Nikola Mektić and Mate Pavić defeated Dan Evans and Neal Skupski in the final, 6–4, 6–4, to win the men's doubles tennis title at the 2021 Miami Open. They did not drop a set en route to the title and became the first all-Croatian team to win the Miami Open. Pavić also usurped Robert Farah for the ATP No. 1 doubles ranking by winning the title after Farah lost in the second round.
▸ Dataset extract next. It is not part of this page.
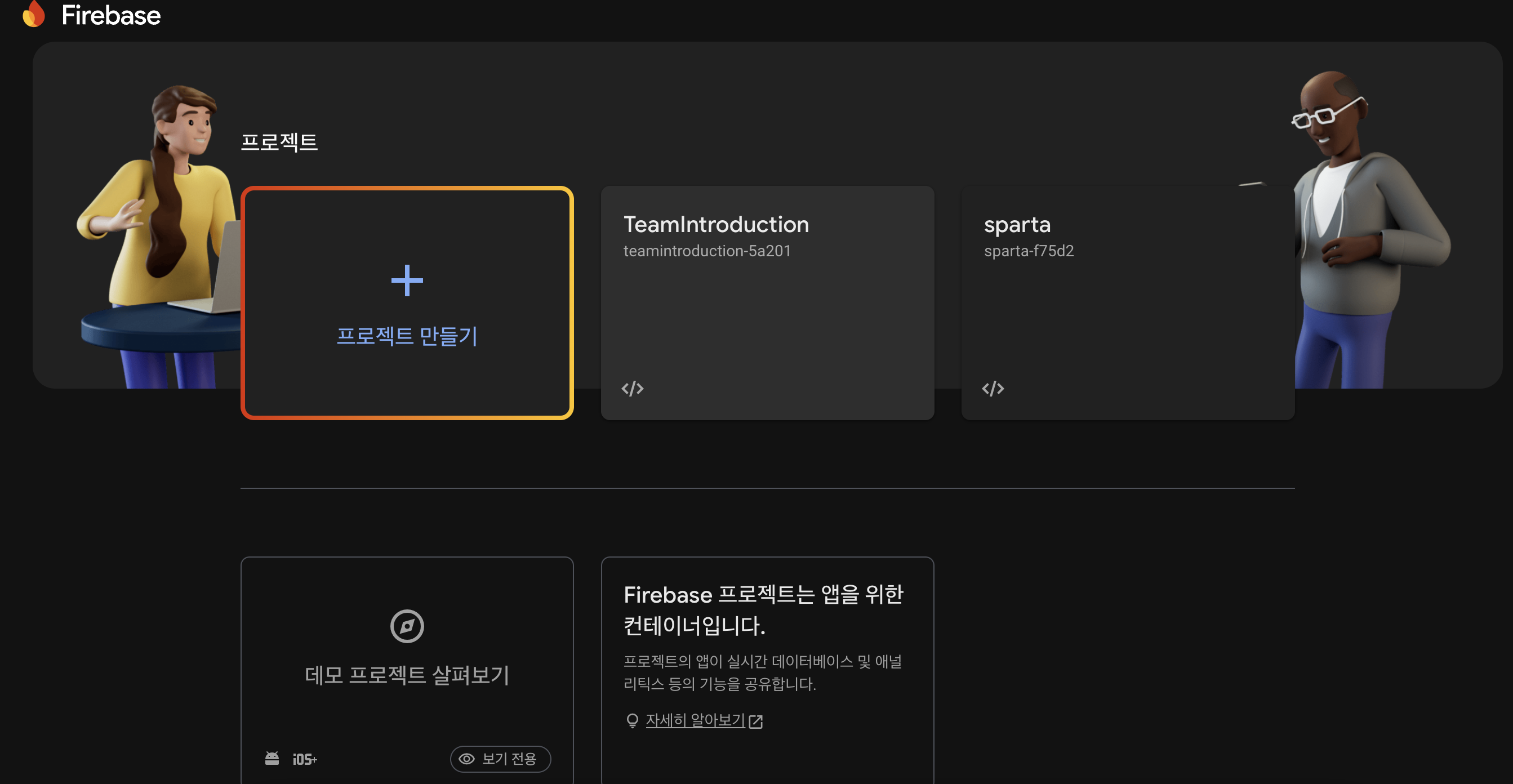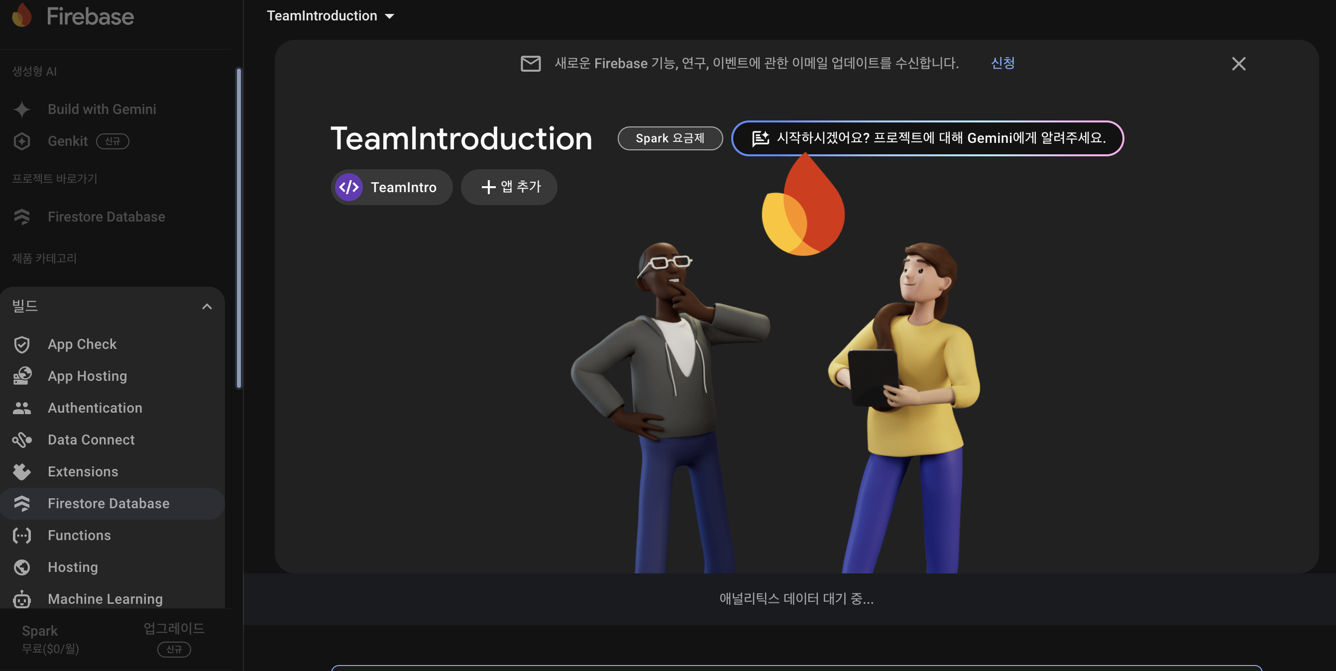 firebase ์ฝ์์์ ํ๋ก์ ํธ ๋ง๋ค๊ธฐ๋ฅผ ํด๋ฆญํด TeamIntroduction์ด๋ผ๋ ํ๋ก์ ํธ๋ฅผ ์์ฑํ๋ค.

Bob and Mike Bryan were the defending champions from when the tournament was last held in 2019, but they retired from professional tennis in August 2020.

==Seeds==

1. COL Juan Sebastián Cabal / COL Robert Farah (second round)
2. CRO Nikola Mektić / CRO Mate Pavić (champions)
3. ESP Marcel Granollers / ARG Horacio Zeballos (first round)
4. CRO Ivan Dodig / SVK Filip Polášek (semifinals)
5. GBR Jamie Murray / BRA Bruno Soares (second round)
6. NED Wesley Koolhof / POL Łukasz Kubot (first round)
7. USA Rajeev Ram / GBR Joe Salisbury (semifinals)
8. FRA Pierre-Hugues Herbert / FRA Nicolas Mahut (second round)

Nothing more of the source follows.